(Records for the task begins)
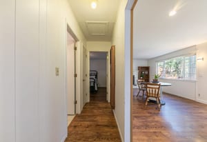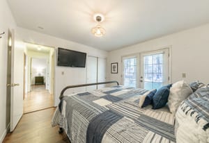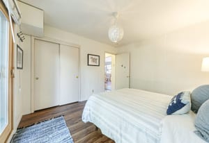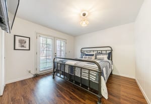 Two spacious bedrooms are privately positioned to face the backyard, each offering direct outdoor access through glass doors—perfect for enjoying the fresh alpine air. The outdoor space is designed for ease and enjoyment, with a pocket lawn, low-maintenance perennials, and a storage shed creating a serene, private setting.
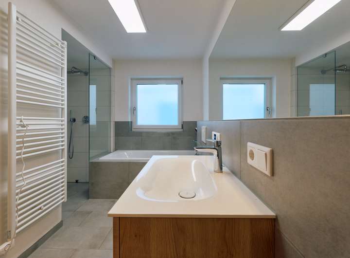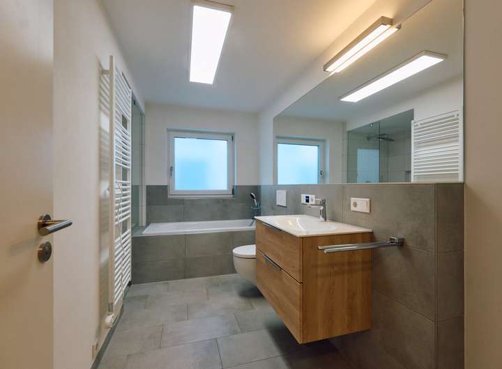 - modernes Bad mit bodenebener Dusche, Badewanne, integriertem Radio sowie weiteren attraktiven Ausstattungsdetails
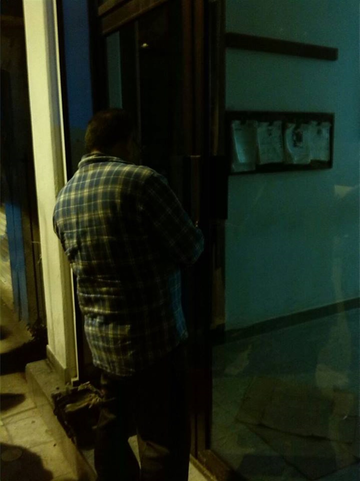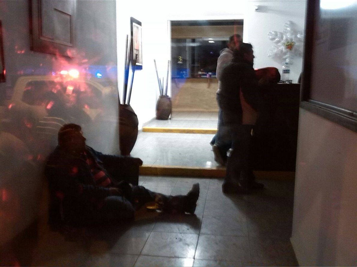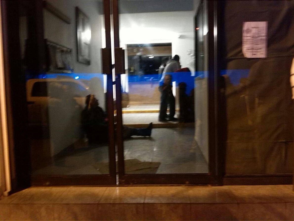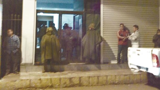 Los empleados permanecieron en el interior por espacio de tres horas. A través de la puerta de vidrio se lograban ver sentados en el piso en espera de que se diera la instrucción de ingreso a las instalaciones.
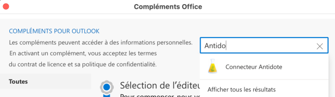 Ajouter le Connecteur Antidote - Anti-Oups!
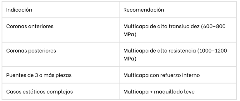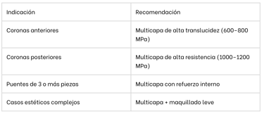 Aunque existen diferentes tipos según la indicación (de 600 MPa a más de 1200 MPa), la mayoría de los zirconios multicapa combinan una estética excelente con resistencia suficiente para zonas posteriores.
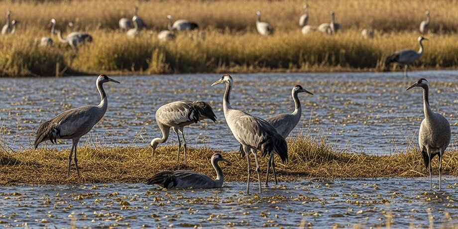В марте-апреле журавлей здесь особенно много – они прилетают гнездиться, и весь апрель заказник проводит экскурсии для желающих за этим понаблюдать. Сначала туристам прочитают лекцию о перелетных птицах, следом раздадут и настроят бинокли, а потом все отправятся на своих машинах за экскурсоводом к местам скопления журавлей.
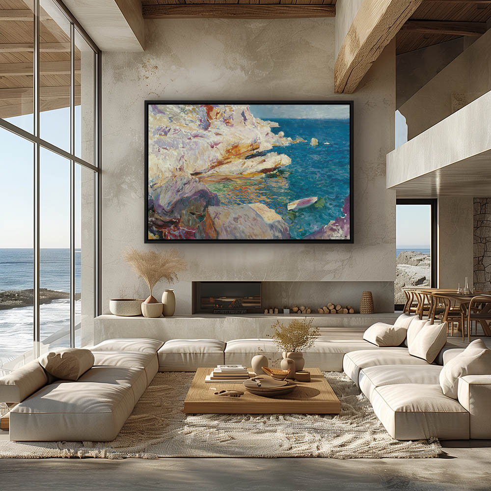Rocky shoreline with a boat in the water
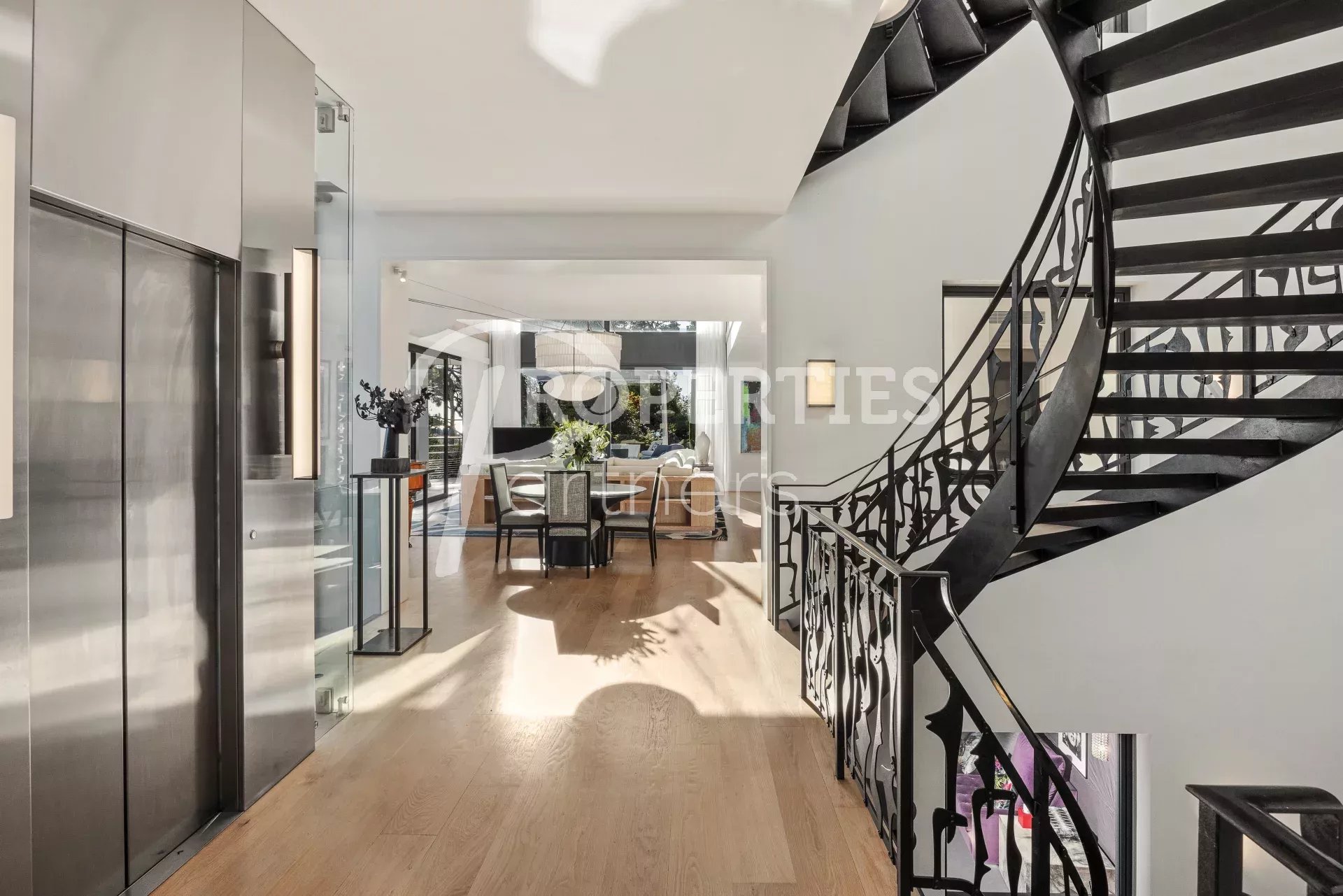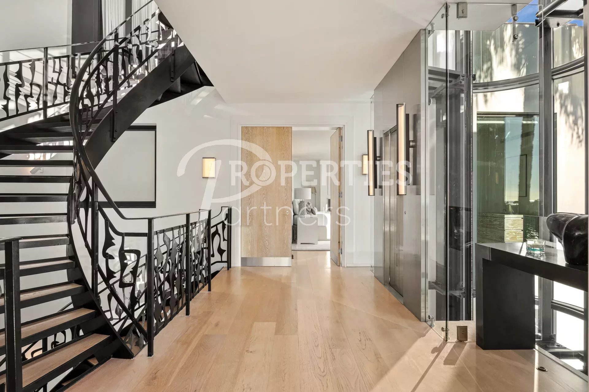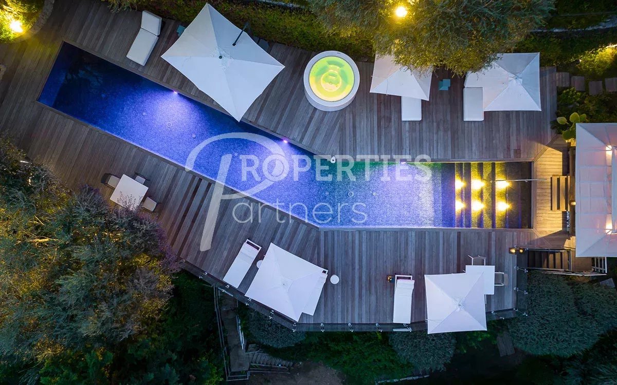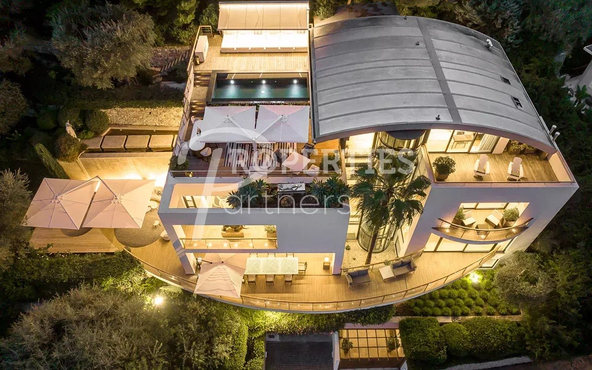 Avec de nombreuses terrasses extérieures et entourée de 4500 m² de jardin impeccablement entretenus et une piscine à débordement qui borde le jardin, la villa comprend 5 niveaux reliés par un escalier en spirale dans un atrium de 25m et un ascenseur en verre.
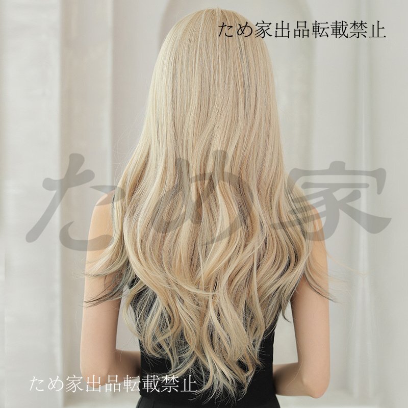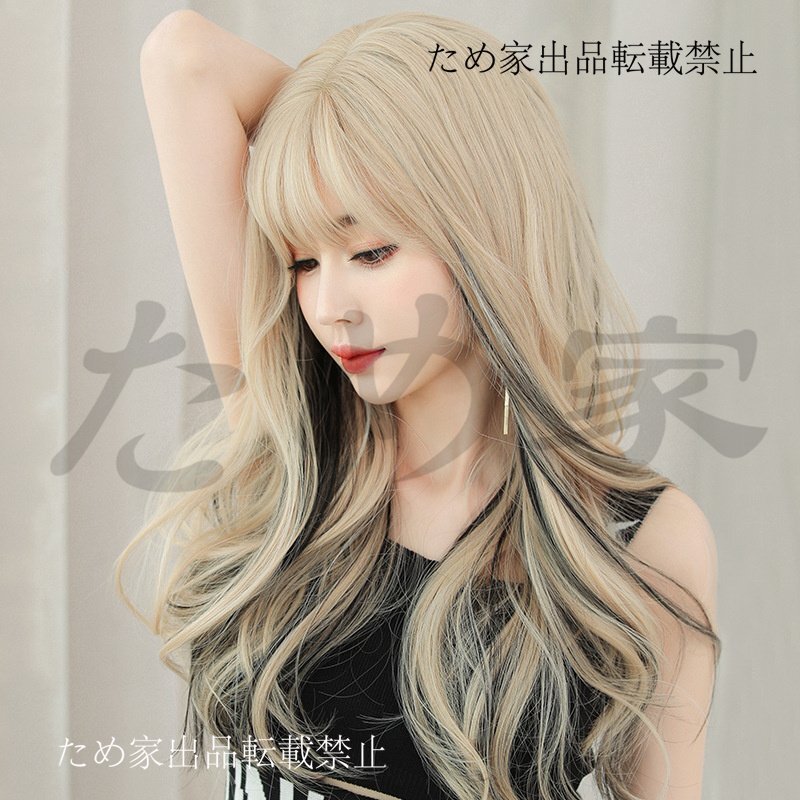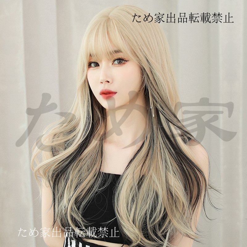 新品人毛 ロングカールウィッグ 欧米風 ストレートバング ハイライト入り クリーミーブラックティー つむじ部分手植え 自然に見えますフル
(Records for the task ends)
▶ _Exercise_: The records above must all be output exactly. Omit the images.

▶ _Result of this task_:
 Two spacious bedrooms are privately positioned to face the backyard, each offering direct outdoor access through glass doors—perfect for enjoying the fresh alpine air. The outdoor space is designed for ease and enjoyment, with a pocket lawn, low-maintenance perennials, and a storage shed creating a serene, private setting.
 - modernes Bad mit bodenebener Dusche, Badewanne, integriertem Radio sowie weiteren attraktiven Ausstattungsdetails
 Los empleados permanecieron en el interior por espacio de tres horas. A través de la puerta de vidrio se lograban ver sentados en el piso en espera de que se diera la instrucción de ingreso a las instalaciones.
 Ajouter le Connecteur Antidote - Anti-Oups!
 Aunque existen diferentes tipos según la indicación (de 600 MPa a más de 1200 MPa), la mayoría de los zirconios multicapa combinan una estética excelente con resistencia suficiente para zonas posteriores.
В марте-апреле журавлей здесь особенно много – они прилетают гнездиться, и весь апрель заказник проводит экскурсии для желающих за этим понаблюдать. Сначала туристам прочитают лекцию о перелетных птицах, следом раздадут и настроят бинокли, а потом все отправятся на своих машинах за экскурсоводом к местам скопления журавлей.
Rocky shoreline with a boat in the water
 Avec de nombreuses terrasses extérieures et entourée de 4500 m² de jardin impeccablement entretenus et une piscine à débordement qui borde le jardin, la villa comprend 5 niveaux reliés par un escalier en spirale dans un atrium de 25m et un ascenseur en verre.
 新品人毛 ロングカールウィッグ 欧米風 ストレートバング ハイライト入り クリーミーブラックティー つむじ部分手植え 自然に見えますフル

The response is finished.